BioTime Reports Pro Forma Gain on Deconsolidation of OncoCyte Subsidiary

ALAMEDA, Calif.--()--BioTime, Inc. (NYSE MKT:BTX), a clinical-stage biotechnology company developing and commercializing products addressing degenerative diseases, today announced the deconsolidation of OncoCyte Inc.’s financial statements from BioTime’s consolidated financial statements effective February 17, 2017. As a result of the deconsolidation, BioTime will report a pro forma, non-cash gain of approximately $56 million. The actual amount of the gain will be determined and recorded during the quarter ending March 31, 2017.

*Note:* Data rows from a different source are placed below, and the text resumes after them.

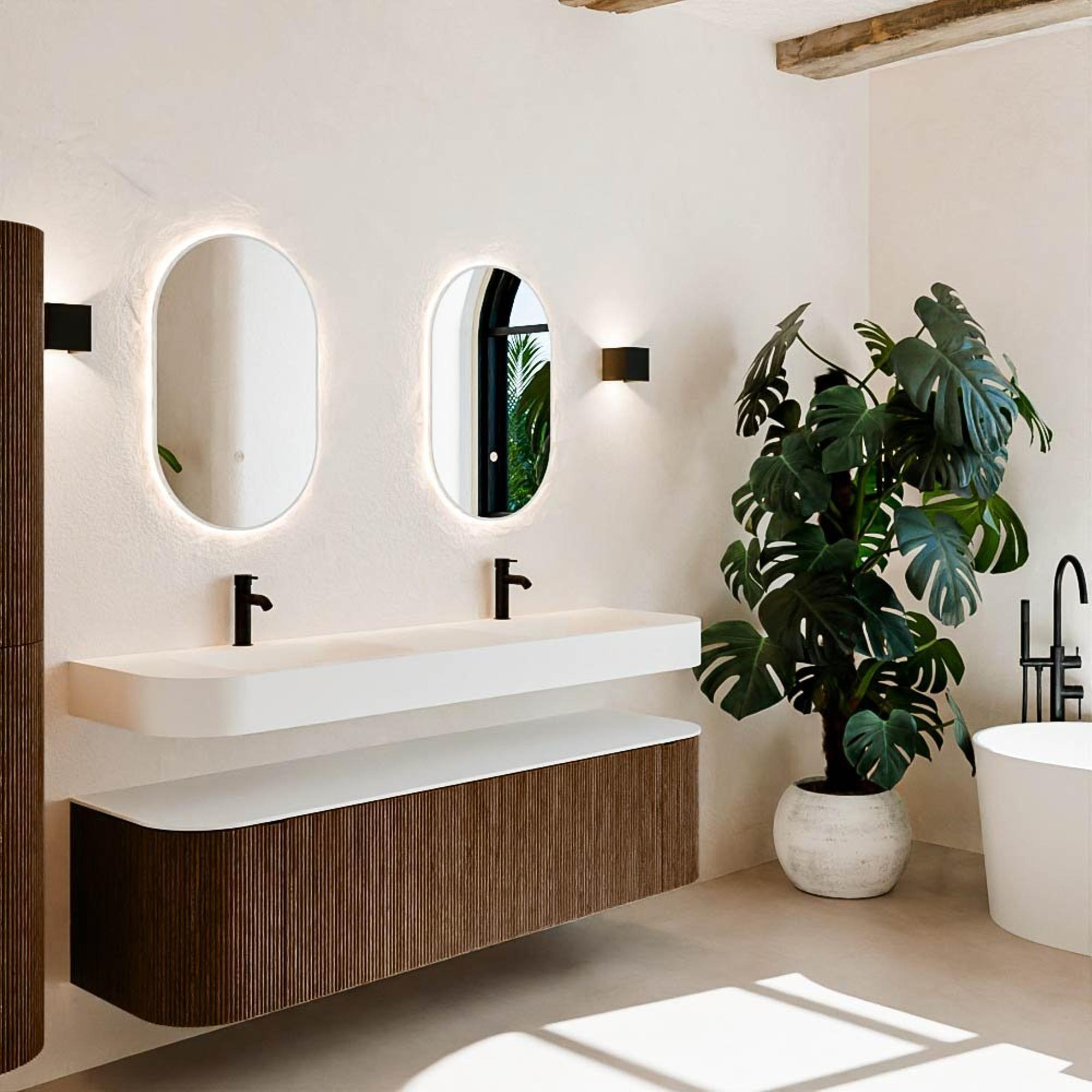 Natuurlijke materialen in warme tinten. De verticale ribbels brengen ritme en textuur in het ontwerp, terwijl het eikenhout zorgt voor een warme, ambachtelijke uitstraling. Kies uit 5 houttinten OAK, WALNUT, DUSK, SHADOW en RUBY zorgvuldig geselecteerde houtkleuren om zowel moderne als klassieke badkamers te verrijken.
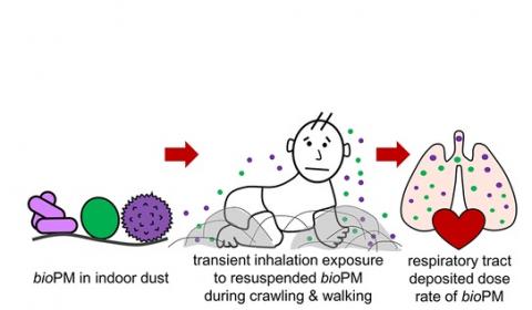 Lorsqu’un nourrisson rampe, à 4 pattes, la matière particulaire biologique (« bioPM ») en suspension sur les sols et les tapis prend son envol sous forme de nuage et l’exposition par inhalation de l’enfant est à la fois très élevée et associée à des effets sur la santé. Cette recherche de la Purdue University (Indiana) sur l'exposition par inhalation chez le nourrisson mais aussi l'adulte montre dans la revue, que ces expositions 20 fois plus élevées que l’exposition habituelle agissent à la fois pour stimuler et défier le système immunitaire.
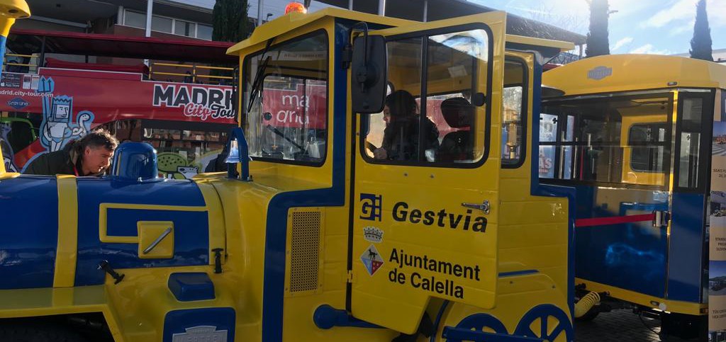 El nou model de Carrilet, amb motor híbrid i retolat amb imatges dels actius turístics de Calella, s’exposa a la Fira Internacional de Turisme de Madrid que s’ha inaugurat aquest matí i reunirà més de 50.000 professionals del sector de 165 països i regions del món. L’empresa que l’ha construït ha volgut aprofitar l’aparador de Fitur per presentar aquest trenet turístic, que és únic a tot el territori espanyol. Ocupa una de les places que hi ha a l’accés principal d’Ifema i la seva presència ja ha despertat l’interès i la curiositat dels assistents. Així ho ha explicat l’alcaldessa Montserrat Candini que, juntament amb el tinent d’Alcaldia i president de Gestvia, Albert Torrent, i personal de l’Oficina de Turisme, conformen la delegació local que es promociona dins l’estand de Catalunya.
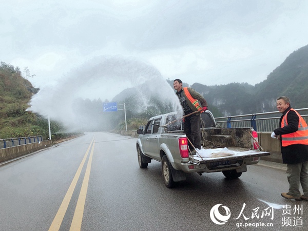 12月9日,在凱里爐山至下司快速通道,路政人員正在撒鹽除冰。潘文華 攝
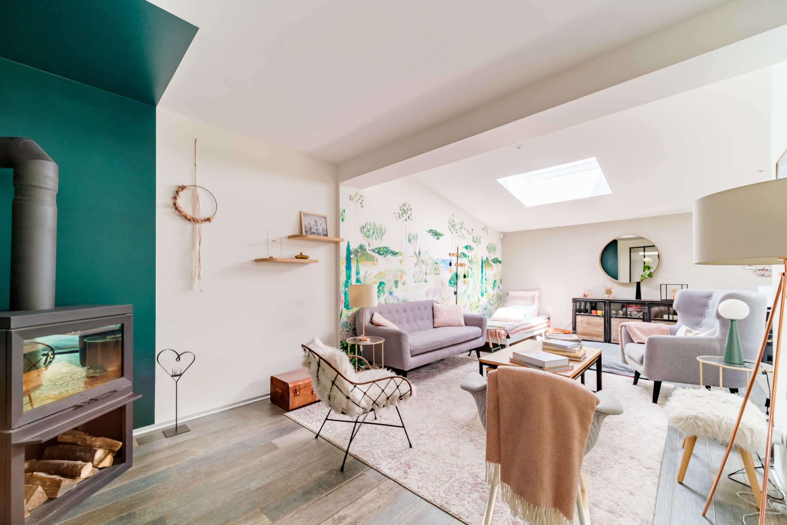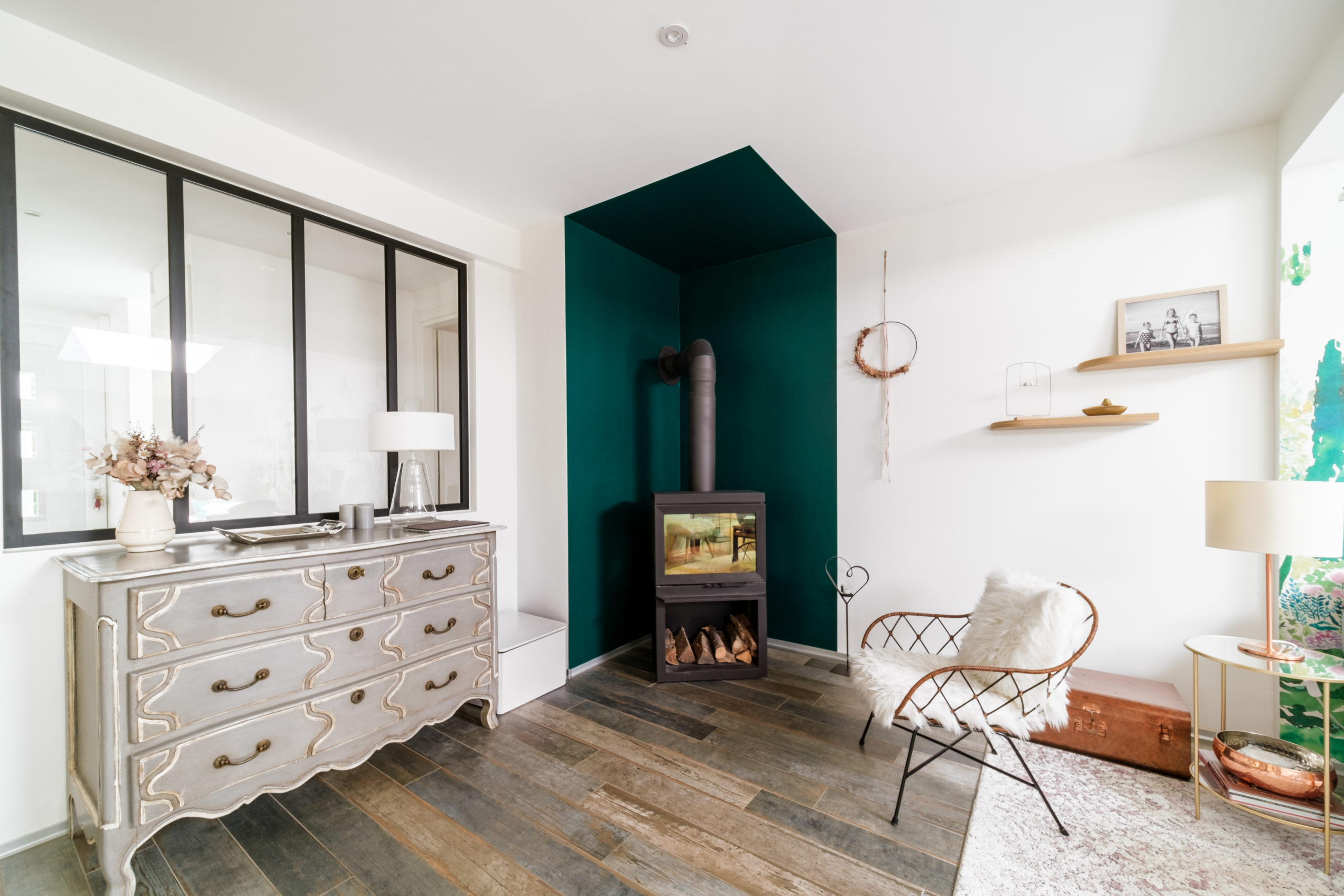 - L’espace salon a été crée vers le poêle à bois qui a été raccordé à un ancien conduit de cheminée. De nombreuses assises (canapé, fauteuils…) ont été installées ainsi que des tables basses gigognes, pour un effet de convivialité. Une banquette a été installée pour un coin lecture dédié aux enfants, avec à proximité de jolies malles pour ranger leurs livres. Nous avons joué sur les textures différentes selon les assises, afin de créer cet ambiance chaleureuse.

“We continue to simplify BioTime, both in terms of corporate structure and investor transparency”

The deconsolidation occurred due to the exercise of 625,000 warrants by certain OncoCyte warrant holders on February 17, 2017. As a result of the warrant exercises, OncoCyte’s shares outstanding increased, so that BioTime no longer owns a majority of OncoCyte’s shares. BioTime owns 14,674,244 OncoCyte common shares, which currently represent approximately 49.9% of OncoCyte’s common stock outstanding. The OncoCyte shares that BioTime holds had a market value of approximately $71 million at the close of trading on February 17, 2017.

“We continue to simplify BioTime, both in terms of corporate structure and investor transparency,” said Russell Skibsted, Chief Financial Officer. “Following the deconsolidation, BioTime’s future financial statements will more clearly reflect our operations and cash utilization as we no longer will report OncoCyte’s cash burn as part of BioTime’s results. We will now report the value of our remaining ownership position in OncoCyte as a single line item on our balance sheet at the end of each quarter based on the closing price of OncoCyte common stock as quoted on the NYSE MKT (under ticker “OCX”). This accounting treatment is the same as for our ownership position in Asterias Biotherapeutics, which was deconsolidated in May 2016. The successful development of both Asterias and OncoCyte into independent public companies with strong product pipelines addressing large medical market opportunities illustrates the potential value of the technology platforms we are developing within BioTime. We are actively exploring additional approaches to further execute our corporate simplification strategy while building additional shareholder value.”

The impact, including the actual gain, of this deconsolidation will be recognized in BioTime’s quarterly report on Form 10-Q to be filed with the Securities and Exchange Commission for the quarter ending March 31, 2017. BioTime filed the pro forma effects of this deconsolidation to its consolidated financial statements today in a separate Form 8-K.

About BioTime

BioTime, Inc. is a clinical-stage biotechnology company focused on developing and commercializing novel therapies developed from what the company believes to be the world’s premier collection of pluripotent cell assets. The foundation of BioTime’s core therapeutic technology platform is pluripotent cells that are capable of becoming any of the cell types in the human body. Pluripotent cells have potential application in many areas of medicine with large unmet patient needs, including various age-related degenerative diseases and degenerative conditions for which there presently are no cures. Unlike pharmaceuticals that require a molecular target, therapeutic strategies based on the use of pluripotent cells are generally aimed at regenerating or replacing affected cells and tissues, and therefore may have broader applicability than pharmaceutical products.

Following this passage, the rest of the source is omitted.